Wednesday, January 23, 2013

Prayers

So although there is a Valentines Poster. This is not a Heart day post. I just thought it was funny. I guess I am going to write about prayer. The power of prayer. In the Bible, men have shown how they can build an intimate relationship with God.  I have been struggling with prayer all my life. I would sit there and not know what to pray for. I wouldn't know what I needed or what God wanted me to pray for. Sure most of my prayers were selfish and self glorifying. (Sidenote: Isn't that the most assholish thing youve heard. I am praying and I am still looking out for my own good. ) I knew through years of church that prayer is about relationship with God. Talking to Him. Knowing Him. Feeling Him.  But I felt like talking to God was like talking to my real father. God was being unattentive, stoic and down right didn't care. Part of me knows thats not true at all, but another part of me thinks that way.

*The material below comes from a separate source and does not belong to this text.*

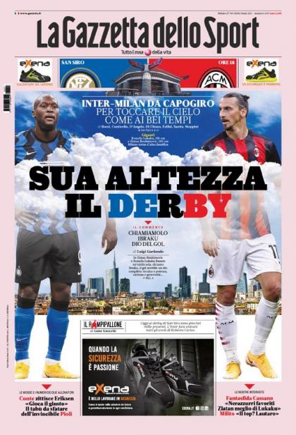 איטליה נרגשת לקראת הדרבי הראשון העונה בין אינטר ומילאן הערב (שבת) בשעה 19:00. "הוד רוממותו הדרבי מגיע כדי לגרום לכם להסתחרר", נכתב ב"גאזטה דלה ספורט". "לגעת בשמיים, כמו בימים הטובים", נכתב עוד בעיתון הגדול במדינה שם התמקדו בעיקר בצמד החלוצים רומלו לוקאקו וזלאטן איברהימוביץ' – "תקראו להם 'איברקו – אלוהי המטרות'". מי שעוד חימם את האווירה לקראת המשחק הוא חלוץ העבר אנטוניו קסאנו (38) האיטלקי ששיחק בשתי הקבוצות וגם ברומא ובריאל מדריד. הוא התייחס לחלוצים וניתח את יחסי הכוחות.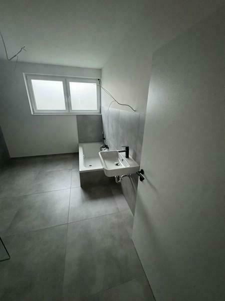 Beim Betreten der rollstuhlgerechten Wohnung gelangen Sie in einen zentralen Flur. Auf der rechten Seite befindet sich das Badezimmer mit Fenster, ausgestattet mit WC, Waschbecken, Badewanne, ebenerdiger Dusche und Waschmaschinenanschluss.

I think, since I have come to accept Christ, prayer has been the biggest obstacle in my relationship. This year I was determined to change that. I said that the first things that I would think about was God and at night I would go over the day with the Lord. I like it when someone talks about their day and all of the things that come with that day. Why wouldn't God want to hear that from me? Its been almost a month into this year. My prayer life is the best it has ever been. Is it easy? No. I still struggle to find time sometimes. But I recognize what I need to do. If I don't try to find that time, I can't expect God to find that time for me. I know what to pray for. I know how to talk to God. I know God a little bit better.

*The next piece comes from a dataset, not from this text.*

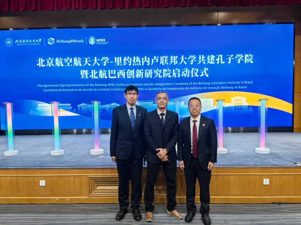 Durante a semana de 11 a 16 de maio de 2025 realizamos visita à Universidade de Beihang (China), onde mantivemos colaboração científica com membros do grupo de pesquisa liderado pelo professor Lisheng Geng sobre correlações femtoscópicas de pares de mésons pesados. Ademais, também tivemos a oportunidade de participar como convidado da cerimônia de lançamento do Projeto do Beihang Brazil Center e do Beihang Brazil Innovation Institute.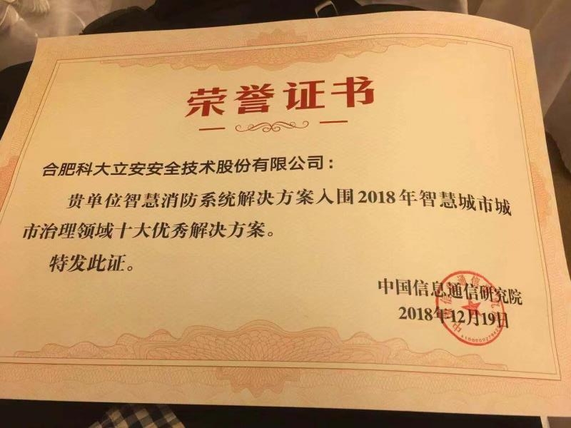 智慧中国,是数字中国发展的高级阶段。树立以人为本、全民参与的智慧社会发展理念,打造集约化信息资源布局、一体化社会共享数据平台,以数据应用为导向、数据治理为重点,构建架构合理、动态适应、高度关联、权责清晰的数据体系,是推动数据政府建设的重要抓手和核心构成,也是当前政府工作重中之重。近日,“2018智慧中国年会”在北京隆重召开,以“数据赋能 智慧中国”为主题,聚焦数字政府、智慧城市、数字经济、互联网+政务服务、营商环境、数据体系、数据服务等内容。合肥科大立安安全技术股份有限公司(以下简称“科大立安”)作为智慧消防系统解决方案提供商,荣获“2018年智慧城市城市治理领域十大优秀解决方案”奖项,公司正加速构建“智慧消防”智能化解决方案,积极推动“智慧消防”在全国各省市智慧城市建设试点中应用。

I also know that all I can do is my best with the time that I have. But since I've been spending that time with God. God has become like a lover. He has been consuming my thoughts. I think of Him. He has been changing not only what I think about Him, but about His people too. Praise for the Lord has been coming out of my mouth more. I think more faith has been developing. Knowing that this whole life thing we see is just God's story. The movie is not over with Jesus. This is part 3. Return of the Jedi. The Return of the King.

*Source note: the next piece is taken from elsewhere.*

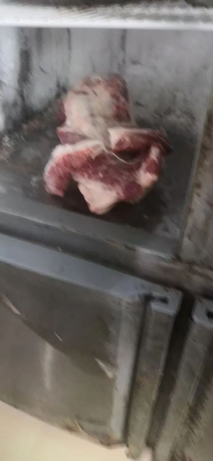 隐患案例二:食堂冰柜内鲜肉未套装保鲜袋进行分离贮存。

I have a friend going to Afghanistan doing a second tour. I prayed and asked God why? I was really stressed about it, but I met this army guy yesterday. He said that his army buddies were talking about how it has taken 10 years for us to get revenge for 9/11 and we had to go to this foreign land. But the guy told me that it was God's plan to open up Afghanistan. So people will know His name and people will know Him in all of the nations. I was blown away. I remembered that God has a purpose for all of us. No matter how small our contribution. God will ease our pains and give us understanding. Ask for it and be persistent. God will answer Prayers.